Tuesday, May 02, 2006

Pope Benedict XVI on "The Cross"

via CERC:
"Today what people have in view is eliminating suffering from the world. For the individual, that means avoiding pain and suffering in whatever way. Yet we must also see that it is in this very way that the world becomes very hard and very cold. Pain is part of being human. Anyone who really wanted to get rid of suffering would have to get rid of love before anything else, because there can be no love without suffering, because it always demands an element of self-sacrifice, because, given temperamental differences and the drama of situations, it will always bring with it renunciation and pain.

When we know that the way of love — this exodus, this going out of oneself — is the true way by which man becomes human, then we also understand that suffering is the process through which we mature. Anyone who has inwardly accepted suffering becomes more mature and more understanding of others, becomes more human. Anyone who has consistently avoided suffering does not understand other people; he becomes hard and selfish.

Love itself is a passion, something we endure. In love I experience first a happiness, a general feeling of happiness. Yet, on the other hand, I am taken out of my comfortable tranquility and have to let myself be reshaped. If we say that suffering is the inner side of love, we then also understand by it is so important to learn how to suffer — and why, conversely, the avoidance of suffering renders someone unfit to cope with life. He would be left with an existential emptiness, which could then only be combined with bitterness, with rejection, and no longer with any inner acceptance or progress toward maturity."
A protestant minister and good friend once told me that he admired how Catholics address suffering. "We have difficulty with it," he said, "We try to get around it or somehow explain it away. You face it head on!"

That doesn't make it easy. If the experience of pain were easy, there would be nothing heroic about doing so. If suffering were simple, then anyone could do it.

Our culture can't understand suffering. Our medical institutions treat away any health condition that inflicts it. Our psychiatric institutions treat away any psychiatric condition that threatens to inflict it. Our entertainment, commercial and non-profit institutions do their part to alleviate suffering.

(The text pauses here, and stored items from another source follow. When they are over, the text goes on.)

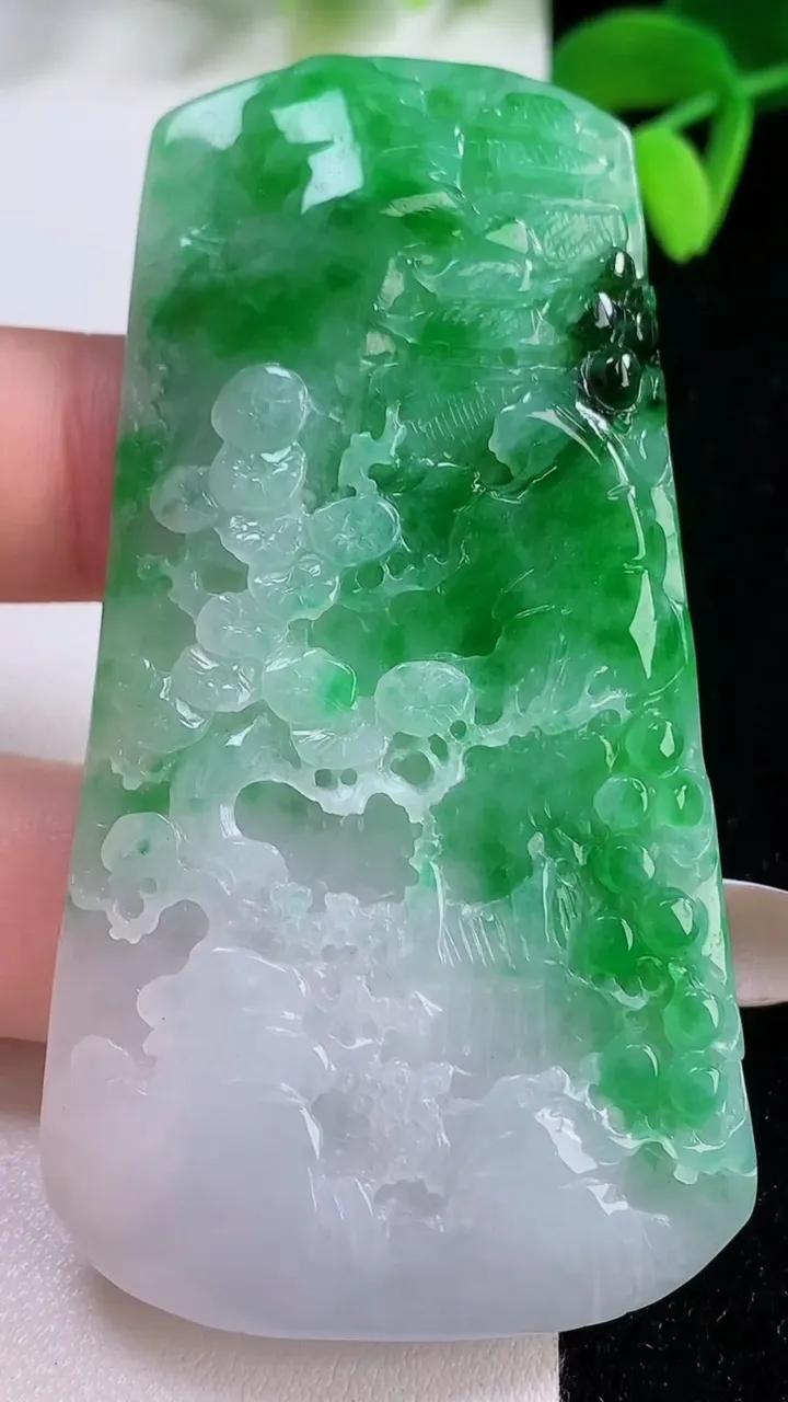 天然A货翡翠山水牌吊坠,尺寸69.5-37-5.7,重量:33.57g 11月21日
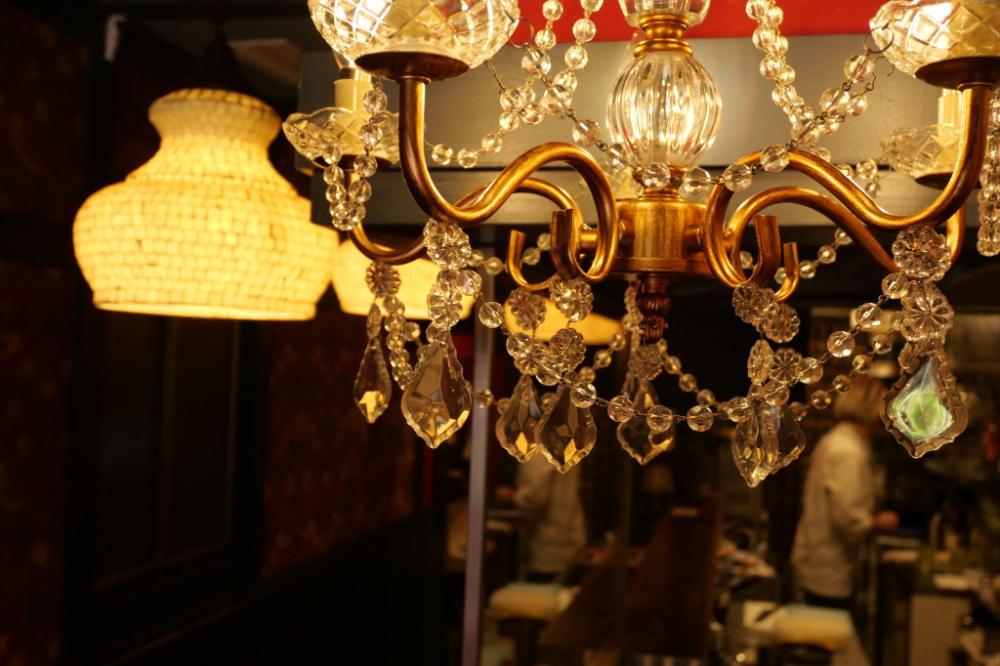 壁には店名の由来となったウィリアム・モリスの「いちご泥棒」柄の壁紙が貼られ、可愛らしさと高級感を同時に演出しています。天井から優雅に輝くシャンデリアが、さらに華やかさを添えていて、この空間にいるだけで特別な気分になれそう。
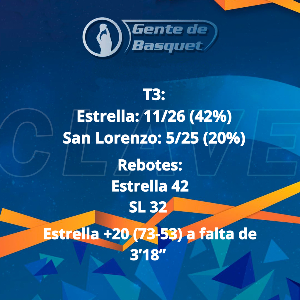 San Lorenzo seguiría recortando distancias con Fuentes como faro. El equipo local generaba anotaciones con Quiroga y el pibe Herrera, además estiraría la diferencia a 20 (71-51), restando 4’50”. Ambos equipos usaron todos los jugadores que tenían a disposición. Triunfó Estrella 81-61.

And there's nothing wrong with the alleviation of suffering. Especially others' suffering: that is what mercy does, after all.

However, there's definitely something wrong with the desire to avoid unavoidable suffering.

When we experience pain we can't escape from, we must come to accept it. We must live with it. What choice do we have? It's inevitable.

Yet how many sins have we committed in order to deny it? How many offenses have we unintentionally perpetrated in order to escape it? How many times have we hurt the ones closest to us in order to be rid of it?

Too many.

And the truth is we don't have to deny, escape or rid ourselves of unavoidable suffering. We can share it with our savior. We can experience our suffering through his passion. When we join our suffering with his through our prayer and honest experience of our lives as they are, we live our communion with him in a unique and gratuitous way. We may even mysteriously find that our suffering passes. Either that, or our perception of it has been transformed.

We do not live alone. We do not suffer alone. Christ has embraced all of our humanity except our sinfulness. Let us rejoice in his compassion and share our suffering in his! We won't regret it.